4. Hamburger Gitarrenfestival vom 29.-31.10.2010
GitarreHamburg.de präsentiert den „siebten Gitarrenhimmel“

von Michael Böhm

„Wenn vier Sologitarristen über vier Stunden ein Konzert bestreiten und es bleibt dauerhaft, bis zur letzten Zugabe, erfrischend und spannend, dann haben die Veranstalter des 4. Hamburger Gitarrenfestivals die richtige Mischung gefunden“ schrieb das Internetfeuilleton kultur-port.de in einem begeisterten Bericht über die Fingerstyle-Night, mit der das Hamburger Gitarrenfestival vom 29.-31.10.2010 eröffnet wurde. Diese positive Bewertung des Auftaktkonzerts ließ sich getrost auch auf das gesamte Festivalwochenende übertragen. Einmal mehr wurden in der Hansestadt drei hochintensive Tage rund um die akustische Gitarre geboten. Obwohl sich das Hamburger Gitarrenfestival schon nach der dritten Auflage deutschlandweit zu den wichtigsten derartigen Veranstaltungen zählen durfte, konnte das Programm in Umfang und Qualität eine weitere Steigerung erfahren.  Dies versprach schon die internationale und stilistisch sehr vielfältige Riege an Künstlern und Dozenten, die Namen wie David Russell, Andrew York, Don Ross, Peter Finger, Antoine Dufour, Michael Tröster, Johannes Tonio Kreusch, Olaf Van Gonnissen, Prof. Klaus Hempel, Analia Rego, André Krikula, Johannes Tappert und Dianji Estevez Caraballo umfasste.
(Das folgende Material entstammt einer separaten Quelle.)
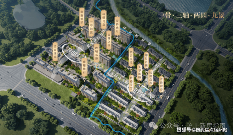 建发瑞湖示范区造凝萃江南灵秀与宋式美学精髓,一草一木皆暗含宋画意境,宛若展开一幅可居可游的立体《西园雅集图》。依循宋代造园理法,金山罕有东西双大门规制,东西两园分别以“三进”礼序,营造层层递进,以一带两园三轴九景谱写风雅入画的金山当代诗意生活之典范。

Hochkarätige Festivalkonzerte
Vier exquisite Konzerte bildeten den künstlerischen Rahmen des  4. Hamburger Gitarrenfestivals, das nach lieb gewonnener Tradition wieder von den „Fingerstylern“ eröffnet wurde.  Noch einmal sei hier der schon weiter oben genannte Artikel zitiert: „Beim Eröffnungskonzert folgt auf einen begabten Youngster, ein Innovationsmeister, danach ein vollendeter Virtuose romantischer Gitarrenkunst und zuletzt der König der Könige.“ Hatten die Programmmacher schon in 2008 mit Andy McKee ein gutes Gespür für aufstrebende Talente bewiesen, konnten sie in 2010 mit der Verpflichtung des erst 20 Jahre alten Dianji Estevez Caraballo einen weiteren hochinteressanten  Newcomer präsentieren. Mit seiner sehr groovebetonten  und percussiven Spielweise war der junge Göttinger weit mehr als der willkommene „Warmmacher“ für die arrivierten Stars der Szene.  Auch  Antoine Dufour nutzt in seinen Kompositionen gern auf virtuose Weise Spieltechniken wie Tapping und Slapping. Der Francokanadier verfügt darüber hinaus über ein hochsensibles Klangempfinden, das sicher seiner klassischen Ausbildung geschuldet ist und bescherte dem Publikum damit viele Momente höchster musikalischer Spannung und Intensität. Nach so viel  Gitarren-Perkussion bewies Peter Finger, dass er ein virtuoser Meister der großen melodischen Linie und weiten Spannungsbögen ist. Nicht wenige Besucher empfanden dies als geradezu wohltuende Abwechslung.  Danach war alles für ein grandioses Finale mit Don Ross bereitet. Er gilt mittlerweile fast als eine Art Vaterfigur der Neuen Fingerstyle-Generation, denn wohl keine der aufstrebenden Persönlichkeiten der Fingerstyle-Szene kann seinen großen Einfluss verleugnen. Don Ross enttäuschte die hohen Erwartungen des Publikums nicht. Was er bot war eine grandiose Show zwischen musikalischem Feuerwerk und großem  Entertainment.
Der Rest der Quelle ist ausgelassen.